We don't know what to upload. We have barely begun to understand brain function. Eg. Just 2 months ago the long held view that neurons were the sources of transmission was overturned when it was demonstrated that even individual dendrites can act as signal channels. A cerebellar climbing fibre literally has thousands of dendrites ... . Or a report two weeks ago that contrary to the decades held belief that memories are initially stored in the hippocampus and then transported to other regions turns out to be false. The problem with people like Kurzweil is that while he reads the literature he doesn't read enough of the literature. That or he has a bad memory. I don't even follow cog neurosci because I consider so much of it to be analytically embryonic.

Steve said...

I am somewhat sympathetic to the idea that a post death soul is a recreation arising from the mind of transcendent God - and that the reincorporated soul works with reincorporated memories from earlier in life if a person died with lost memories or personality. Of course, given the unreliability of accuracy in memories in even healthy brains, maybe its more a case of correcting memories by external, extra information. But perhaps that fits in with the idea of post death judgement too - especially if its more of a self judgement (in light of a true, more objective, recording of what happened) rather than a divinely conducted one. [CS Lewis used to argue that this was more what judgement was about - people running away from unity with God in light of realisation of what they had done.

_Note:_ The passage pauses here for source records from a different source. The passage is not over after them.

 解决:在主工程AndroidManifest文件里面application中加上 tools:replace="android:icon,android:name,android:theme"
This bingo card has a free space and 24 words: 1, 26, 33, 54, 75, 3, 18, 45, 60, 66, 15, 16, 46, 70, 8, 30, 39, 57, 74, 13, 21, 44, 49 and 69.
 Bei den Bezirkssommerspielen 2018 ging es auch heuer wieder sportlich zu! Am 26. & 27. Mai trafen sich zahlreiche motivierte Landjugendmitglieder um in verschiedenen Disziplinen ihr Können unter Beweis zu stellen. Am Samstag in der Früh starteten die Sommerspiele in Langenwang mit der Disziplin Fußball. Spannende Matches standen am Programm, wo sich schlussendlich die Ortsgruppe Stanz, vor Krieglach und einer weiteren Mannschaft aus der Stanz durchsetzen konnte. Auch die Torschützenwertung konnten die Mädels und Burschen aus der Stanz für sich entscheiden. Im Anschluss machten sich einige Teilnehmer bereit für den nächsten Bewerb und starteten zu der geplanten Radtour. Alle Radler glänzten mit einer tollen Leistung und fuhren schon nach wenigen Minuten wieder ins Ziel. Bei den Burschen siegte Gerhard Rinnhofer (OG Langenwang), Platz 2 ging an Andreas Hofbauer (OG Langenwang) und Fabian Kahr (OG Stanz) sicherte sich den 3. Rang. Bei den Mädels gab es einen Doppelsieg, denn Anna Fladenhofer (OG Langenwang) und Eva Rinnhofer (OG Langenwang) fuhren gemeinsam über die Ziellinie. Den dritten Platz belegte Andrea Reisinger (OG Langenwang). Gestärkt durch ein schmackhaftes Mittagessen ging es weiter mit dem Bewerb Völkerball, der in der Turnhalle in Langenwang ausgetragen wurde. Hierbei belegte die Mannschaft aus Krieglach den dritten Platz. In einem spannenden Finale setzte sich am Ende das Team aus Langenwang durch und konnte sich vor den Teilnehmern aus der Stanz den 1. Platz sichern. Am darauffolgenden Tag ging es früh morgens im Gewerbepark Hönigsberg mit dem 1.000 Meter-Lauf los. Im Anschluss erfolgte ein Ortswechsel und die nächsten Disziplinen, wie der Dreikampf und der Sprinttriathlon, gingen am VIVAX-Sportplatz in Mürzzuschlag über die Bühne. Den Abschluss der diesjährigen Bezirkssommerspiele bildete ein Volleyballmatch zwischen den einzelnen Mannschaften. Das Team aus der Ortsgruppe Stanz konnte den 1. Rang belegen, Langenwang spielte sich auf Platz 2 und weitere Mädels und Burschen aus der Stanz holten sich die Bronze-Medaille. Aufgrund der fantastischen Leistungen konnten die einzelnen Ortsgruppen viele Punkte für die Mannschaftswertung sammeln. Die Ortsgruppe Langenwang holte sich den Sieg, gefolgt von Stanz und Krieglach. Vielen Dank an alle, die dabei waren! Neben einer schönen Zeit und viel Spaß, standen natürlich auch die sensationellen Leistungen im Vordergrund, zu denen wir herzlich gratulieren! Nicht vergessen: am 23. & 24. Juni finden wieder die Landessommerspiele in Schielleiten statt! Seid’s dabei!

Thus, return from Hell (or purgatory) was always possible, at least before the end of time when that possibility was to beclosed off.]

Of course, if a spiritual resurrection is sustained by God, it would also mean that it can end at any time, or certain individuals may not get the experience. But it may just be that it is a universal part of the Plan.

As to how long it is sustained - maybe it is left up to the soul to decide when it is to reincorporated back into the giant pool of intelligence from which it arose, rather than going on as an individuated subset of the greater.

There are strains of Christian mysticism - Eckhart but others too who I can't recall now, which suggest this.

And then the Omega Point idea (at least as proposed by Tipler) that says that the transcendent God does indeed arise out of matter, and propagates backwards in influence through the universe.

As you know, I find the idea very appealing, but can't see how the recreation of Soul at the end of time can really work, without having access to a clear recording of what is happening before the Omega Point is reached. Tiplers proposal - relying on Many Worlds - seems a cheat to me.

John said...

and that the reincorporated soul works with reincorporated memories from earlier in life if a person died with lost memories or personality

There are now numerous studies pointing to how previous generational experience influences the current generation. Typically this is put down to epigenetics but I very much struggle to accept that epigenetic programs can instil such behaviors, especially when it relates to specific behaviors.

There are some books written in past life remembering where the claims of the children were investigated and did hold up. I can't dismiss these out of hand, some of the accounts are too remarkable to be flukes and children aren't given to making up stories about street X in far away land Y.

At this point in time consciousness does not appear reducible. There are days when I think consciousness is a mundane thing and days when I am mystified by it.

I have read enough about paranormal studies that as with previous life memories I cannot simply dismiss paranormal phenomena.

I have no firm convictions on any of these matters. What I do know is that so much human behavior mocks evolutionary theories, especially the selfish gene perspective, and that human behavior and culture is so vastly different from other animals that while I accept evolution I cannot deny or affirm the belief that there is also some Other about human beings.